My soul wants to cry as I look around and wonder why..
Work then hospital then home to die.
Pick up my child pretend not to be numb,
Put on my happy face and stick up my thumb.
I watch people walk around all whiney and pissed,
Complaining, unhappy... I'm thinking to myself...man get a grip.
All on their cell phones, impatient in grocery lines, giving themselves heart attacks...and all for why?

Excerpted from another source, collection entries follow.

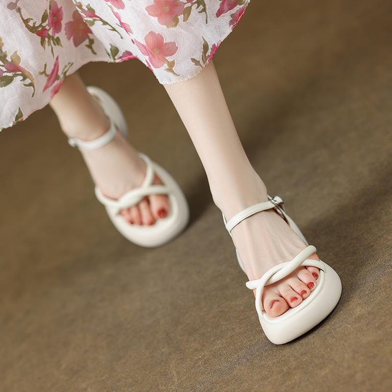 G63 本革 履き心地 韓流 サンダル 美脚 ヒール パンプス 快適 ローヒール 靴 トング ストラップ サンダル レディース 厚底サンダル パーティー ストラップ 韓国ファッション 夏 韓国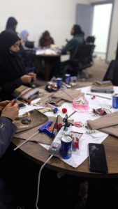 وقد بدأت أمس بقاعة التدريب في سكن الطالبات الجامعي فعاليات الدورة التدريبية، التي تستمر حتى يوم الخميس، بقيادة المدربة الأستاذة سعاد الذيب، حيث تتضمن تدريباً عملياً على مهارات الحياكة والتطريز، إلى جانب تعريف المشاركات بأساسيات العمل اليدوي وأهميته كمهارة قابلة للتطوير مستقبلاً لتكون مجالاً للإنتاج والإبداع.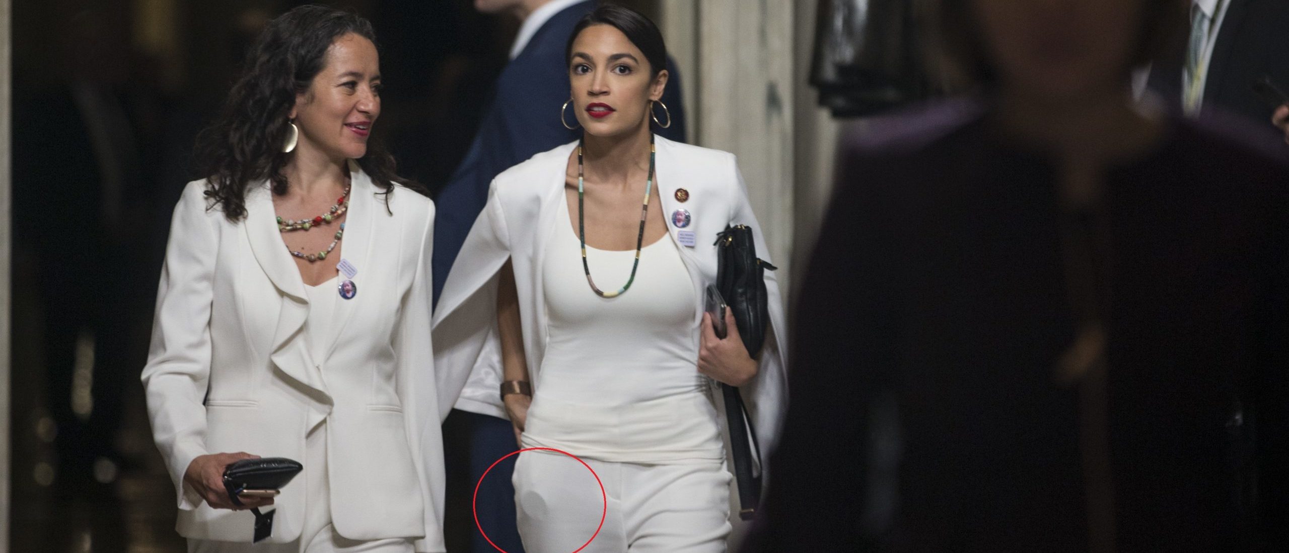 While the wet blanket informs us that, given the women’s rights-themed attire of House Democrats, the bulging disc is far more likely to be a contraceptive receptacle, , I choose to live in a world where AOC stuffs her thick lips. Pouch. you have to believe. I don’t think someone like AOC is so completely irredeemable as a human being that she doesn’t occasionally throw in Oprah Gimphrey to maintain her edge.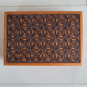 L’Oratoire Engraved Rosary Box, Hinged Cherry Wood Trinket Box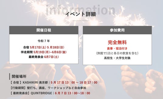 開催場所:合宿(KASHIKIRI 奥京都)、最終発表会(QUINTBRIDGE)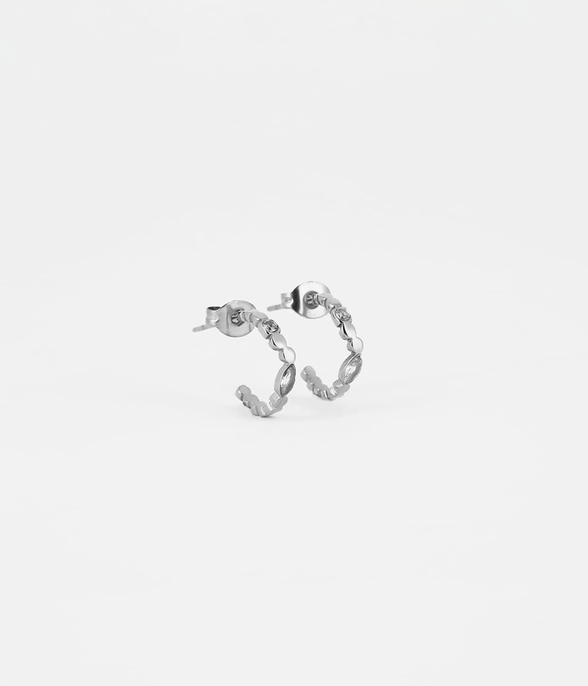 Boucles d’oreilles mini créoles en acier uni ou doré à l’or fin sur lesquelles sont sertis des petits zirconiums brillants.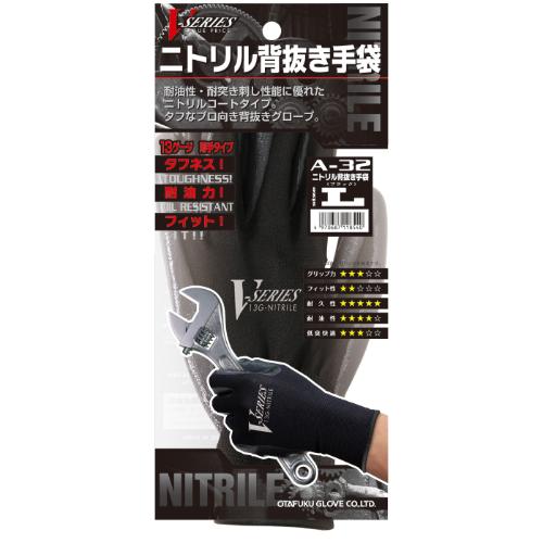 ●メーカー…おたふく手袋●型番…A-32●サイズ…L●全長(mm)…230●掌周り(mm)…176●中指長さ(mm)…77●材質…手袋:ポリエステル100%掌部:ニトリルゴム●厚み(mm)…0.9●色…黒●仕様…薄手タイプ/耐油性・耐突き刺し性能に優れたニトリルコートタイプ●通気性がよくゴム部分はグリップ力、スベリ止め効果に優れた作業性の高い手袋です。●参考在庫数・商品詳細・サイズ情報はメーカー(参考)URLからもご確認いただけます。 ●最小出荷単位: 1

Because they had a bad day or something went wrong..
What happened to the good ole days when you picked people up and sang a sweet song?
I live here, me and my child.
Work so hard and it is all worth while.
I do get impatient at times as well,
But let me tell you, MY REALITY is hell.
Non stop work and running to boot..
but that is what you do when the people you love are counting on you.
Every time the phone rings, I think it's the call..
I can't stand up, I just want to fall.
Head to the smell of sickness and death,
Get a grip girl, catch your breath.
You can do this you have to be tough,
Your mother needs you, you can not give up.
Beeps and whistles and needles and gloves,
How can I not ask why to the Lord above?
I make her bed and change her clothes,
She is fifty years old, but you would not know.
Her face is all swollen from prednisone,
Her body is ravaged from a disease thats unknown.
Nobody knows how to fix her you see,
Not even the doctors for she is a mystery.
So how do you take this walk all alone?
How do you handle that ring on the phone?
Why did you walk this walk before and why is it here again with so much more?
My burden is heavy and my emotions are tired.
My game face is on, but it is almost expired.
You people that are stressing over the smallest things..
Take a real look at reality.
See what is important before it's too late,
YOUR REALITY will only fill you with hate.